TELEMARK SKIING – WHERE DOES THE NAME COME FROM AND HOW IS IT DIFFERENT TO ALPINE SKIING


Telemark is named after the village by the same name in Norway. This is where the technique originates. A while later, telemarking was replaced by alpine skiing, meaning now, the heel was attached. Along with the skiing boom, telemarking was almost forgotten. Until, in the 70’s, some young Americans brought it back to the slopes! Today, telemarking is a popular alternative to regular skiing, by far not as common but still constant. Especially those, who find regular skiing a bit “boring” are great fans of telemarking!


The great difference is in the technique. Since the heel is detached, one foot will always be farther in front, which is why the back knee is strongly bent.


THE TELEMARK SKI IS IS NOT MUCH DIFFERENT TO REGULAR SKIS


Generally, telemarkers and alpine skiers are using the same skis. As with alpine skis, the choice of ski depends on where you want to go with it. Meaning, one can chose lightweight, touring oriented skis, or heavier, wide freeride skis. Or anything in between – allmountain skis or twin-tip skis. Basically, all options are open. What is important however, is that the ski can hold the binding.

THE BINDING IS WHAT MAKES THE TELEMARK SKI SPECIAL


When having found the right ski, you need to get your bindings.
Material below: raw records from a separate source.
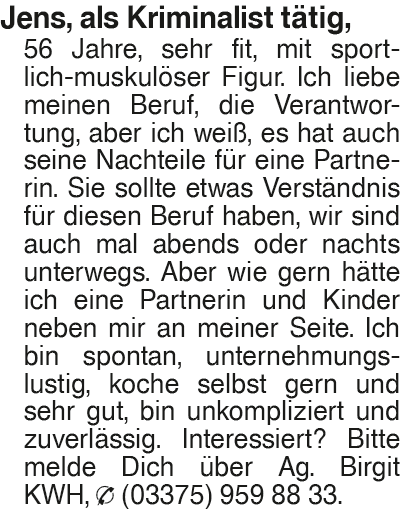Erscheinungsdatum: Anzeige vom 28.2.2026 in der Rubrik "Ehe-/ Partnervermittlungen"
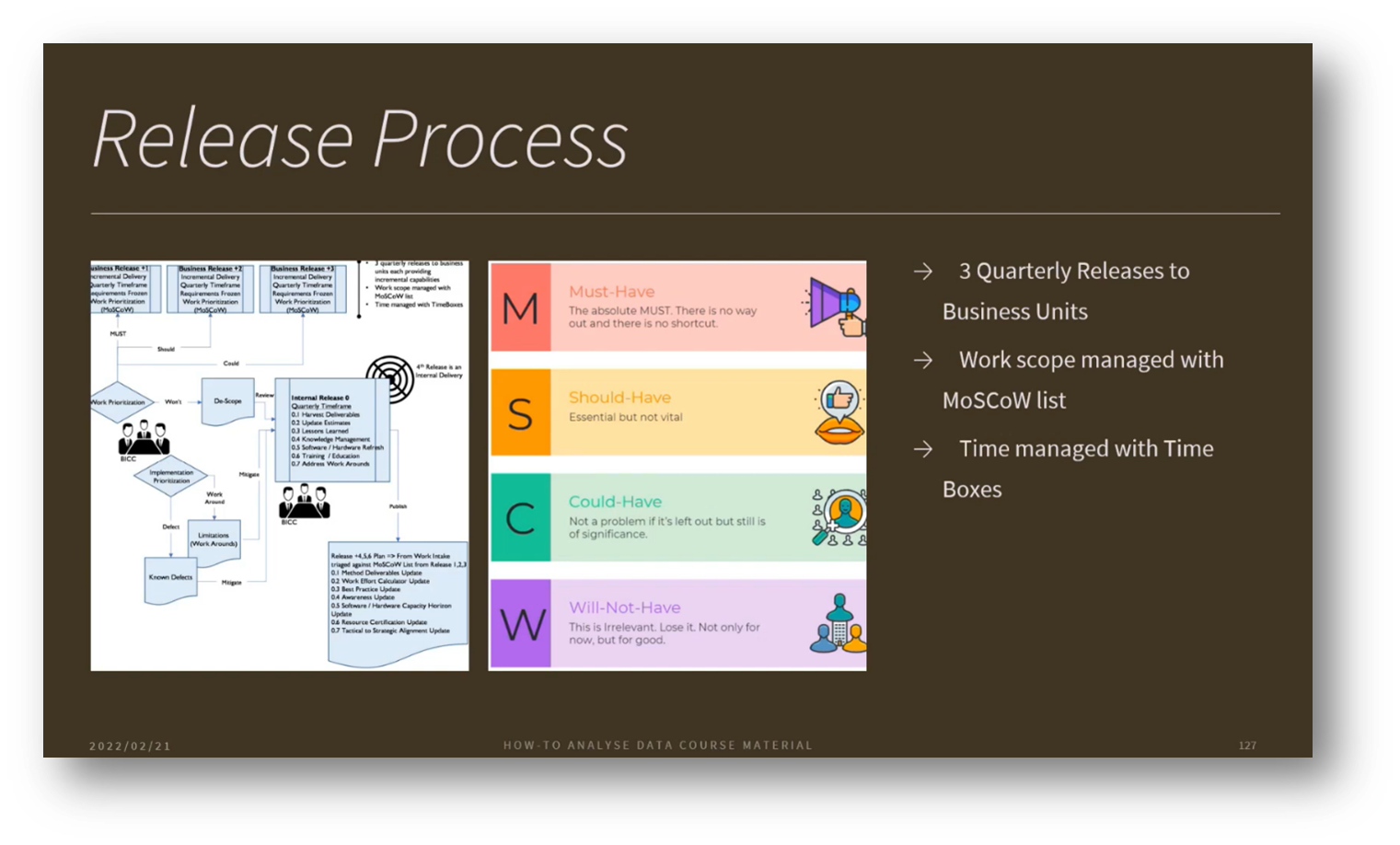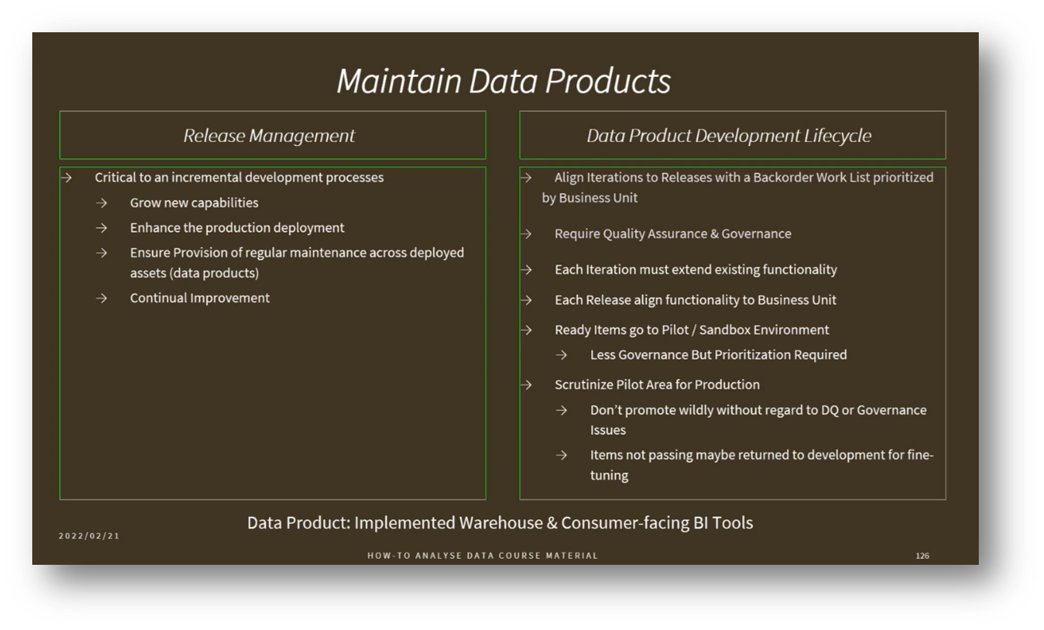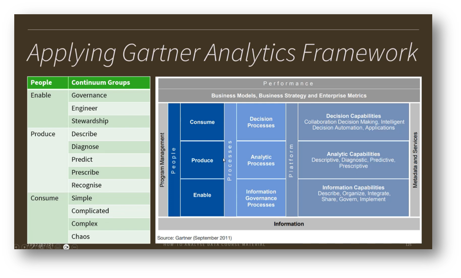 The Gartner analytics framework underlines the importance of people, processes, platforms, and Metadata in driving various analytics types. Effective data product management follows a release process guided by prioritised use cases, ensuring alignment with business needs and Data Strategy.
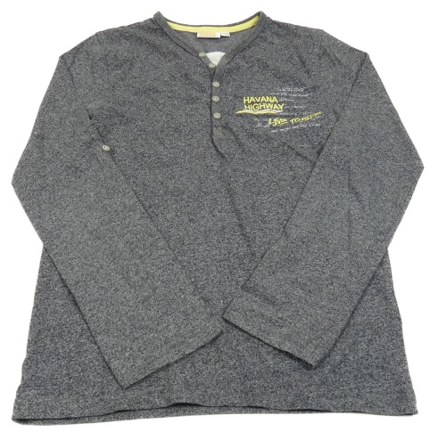 Tmavomodré melírované tričko s nápisom a gombíkmi
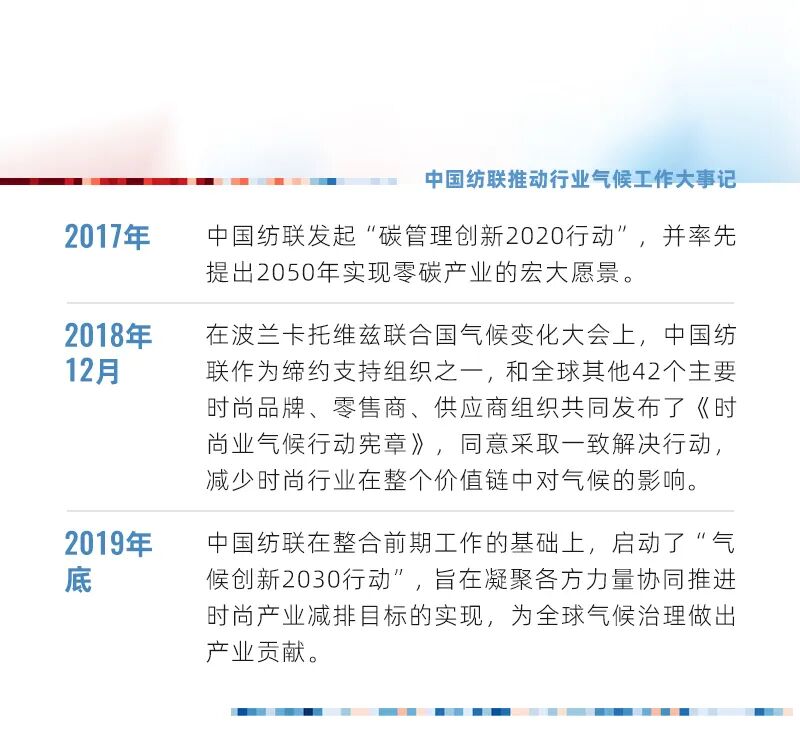 2020年9月22日中国宣布2030碳达峰2060碳中和战略目标,次日中国纺织工业联合会秋季联展全面推进气候创新行动,第一时间响应国家双碳战略目标。2021年6月1日中国纺织工业联合会正式启动了“中国时尚品牌气候创新碳中和加速计划”,简称“30·60碳中和加速计划”,目前21家品牌企业,42家制造企业陆续加入,支持绿色低碳技术研发推广和应用,全面推进可信低碳产品、支持可持续消费,共同推进行业气候行动。
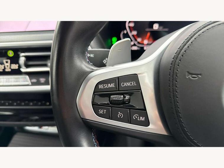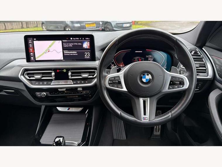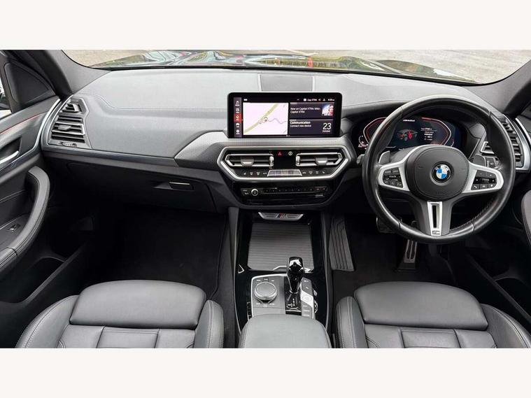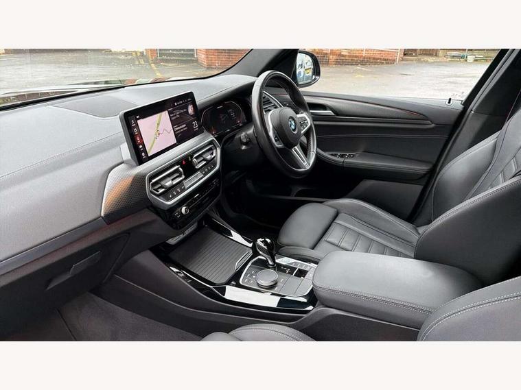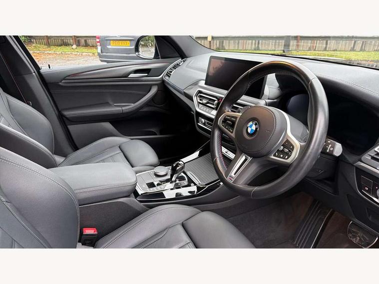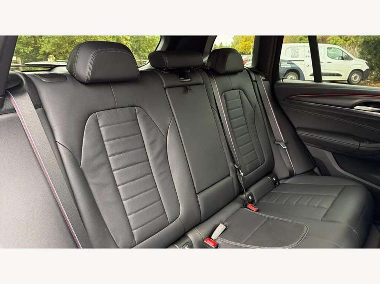 Active Guard, Attentiveness assist, BMW Live Cockpit Professional nav system including 12.3" instrument display + 12.3 high resolution control display, BMW Online services, BMW Teleservices, Brake pad wear indicator in front and rear, Check Control warning system for monitoring of lights and door/luggage compartment open warning, Condition based service - BMW service history, electronic service booklet, integrated owner's handbook, Connected drive services, Deletion of driving assistant professional, Electric boot lid, Front/rear Parking distance control, iDrive touch controller with 8 favourite buttons, Instrument cluster with speedometer with mph readout, tachometer, fuel gauge and oil temperature gauge, Lights on warning by audio warning signal when ignition is switched off, Oil sensor for level and grade, warning by check control system, On board computer - average speed+fuel consumption, service interval, clock/date, odometer/trip meter, outside temperature display and ice warning, Optimum shift indicator, Personal Profile - automatic lock when driving away selectable, Run flat indicator, Stop/start system, Variable sports power steering with drive performance control Sport+ mode, Diesel particulate filter, Incorrect fuelling protection, Larger capacity fuel tank, M Adaptive suspension, M Sport differential, Multi-link rear suspension, Performance Control, Sport automatic transmission with gearshift paddles, BMW professional radio/CD/MP3, DAB tuner, Acoustic glazing, Automatic windscreen wipers and automatic headlight, Black finish on B pillars, BMW individual high gloss shadow line with extended content, Body colour door handles, Body colour roof mouldings, Body coloured bumpers, Direction indicator, side repeaters, integrated in exterior mirrors, Dynamic brake lights, Electric adjust heated aspherical door mirrors, Exhaust tailpipes - dual, round, split left and right with chrome finisher, Fingertip control / anti-trap function on electric window, Folding wing mirrors with auto dimming, Follow me home headlights, Front and rear bumper system with replaceable deformation elements, Front and rear electric windows, Green tinted heat insulating glass, Heated windscreen washer jets, High beam assistant, High gloss black shadow line roof rails, High gloss shadowline exterior trim in decorative moulding side frame/recess cover/guide rail/B, C pillars/mirror frame and triangle with mirror base, High level 3rd brake light incorporating LED Technology, Interior rear view electrochromatic mirror with automatic anti dazzle function, Kidney frame and struts painted in high gloss black, LED tail lights, Lightweight engineering, M aerodynamic bodystyling, M black mirror caps, M Sport entry door sill strips, Model designation, Rain sensor, Rear side wing doors, Rear wing door, Rear wiper, Shark fin antenna, Side exterior M designation badges, Sun protection glass, Visible VIN plate, Welcome lighting, Windscreen wipers with adjustable interval, 12V power point in luggage area, 12V power socket in front centre console, 2 x USB Type C ports for charging and data transmission (front centre console) and 2 x USB Type C ports for charging (rear centre console), 3 rear headrests, 3 seat bench in 2nd row, 3 zone automatic air conditioning, 4 lashing points to secure luggage, 40:20:40 split folding rear seat with loading system, Ambient lighting, Anthracite headlining, Automatic interior light when door is opened/ignition switched off or via remote key, Electric adjustable seats with memory function, Floor mats in velour, Foldable storage floor with compartment, Four grab handles integrated in roof lining, Front and rear bottle holders integrated into door trim storage compartments, Front and rear side armrests integrated into door trim, Front centre armrest with storage compartment, Front footwell lights, Front head restraints, Front passenger seat, Front/rear courtesy lights with soft on/off dimming, Front/rear reading lights, Heated front seats, Isofix rear child seat preparation, Leather gear knob, Lockable glove compartment, Luggage area underfloor compartment, Luggage compartment lighting, M sport leather steering wheel, Multifunction steering wheel, Parcel shelf removeable and storable under boot floor, Reach and rake adjustable steering column, Rear centre armrest with 2 cupholders, Removable / retractable luggage cover, Slope adjustable rear seats, Storage compartment in rear centre console and front/rear door trims, Sun visors with vanity mirrors and ticket pocket, Toolkit located in luggage compartment, Two front cupholders with removable oddments tray/lid, Vernasca leather upholstery, Connected pro pack - X3, Active protection, ADB - Automatic Differential Brake, Anti-lock braking system (ABS) with brake assist, Automatic Stability Control (ASC), Battery safety cut-off, BMW emergency call, Brake drying, Brake energy regeneration, Braking pre-tensioning, Child locks on rear doors, Cornering brake control (CBC), Crash Sensor - activation of central locking release, hazard warning light and interior lighting, Deactivation of fuel pump in the event of a crash, Driver and front passenger front and side airbags with passenger deactivation and ITS front and rear head airbags, Driver and front passenger knee airbag, DSC+, Dynamic brake control, Dynamic Traction Control - DTC, Electromechanical parking brake, Hill descent control, Hill start assist, M sport seatbelt, Seatbelt security check for front seats, Side impact protection, Three point seatbelts to all seats with front and outer rear pyrotechnic belt tensioners and seat belt force limiters, Two tone horn, Tyre pressure sensor, Ventilated front and rear disc brakes, Warning triangle and first aid kit, Central locking switch for all doors, fuel filler cap and luggage compartment, Electronic engine immobiliser, Locking wheel nuts, Remote control including two integrated key - one button for open/close all lockable content, windows and separate butto

Because these actually are the ones that make your ski a telemark ski. Generally, there are two different systems. The 75mm, which is the classic binding which we already used 100 years ago (obviously, it has been improved and developed further). And NTN – which stands for New Telemark Norm. In the end, both systems have the same function, however they differ in their binding receptacle. As of this, it is very important to choose a binding that actually fits your boot. Some telemarkers swear by either one or the other. Others say “find the best telemark boot and get the telemarkbinding that fits it”.


Also, the right boot is important. Because if the boot does not fit properly, the movements of telemarking can easily lead to pain when too small or blisters when too large. These days, the telemark boot is built of plastic, carrying either 3 or 4 straps. What is important is the right fit and stiffness.


Also relevant in your choice of bindings and boots is the area in which you intend to ski. Because these skis can also be used as touring skis. But for this to work, the binding needs to have touring functions and the boot be accordingly. Furthermore, there are some bindings that open in case of crashes and rough hits as alpine bindings, others do not. Also, the right additional gear is needed. When intending to go into the backcountry, needs some safety equipment: avalanche transceiver, shovel and probe. Also, helmet, protector and telemark knee pads are good to have!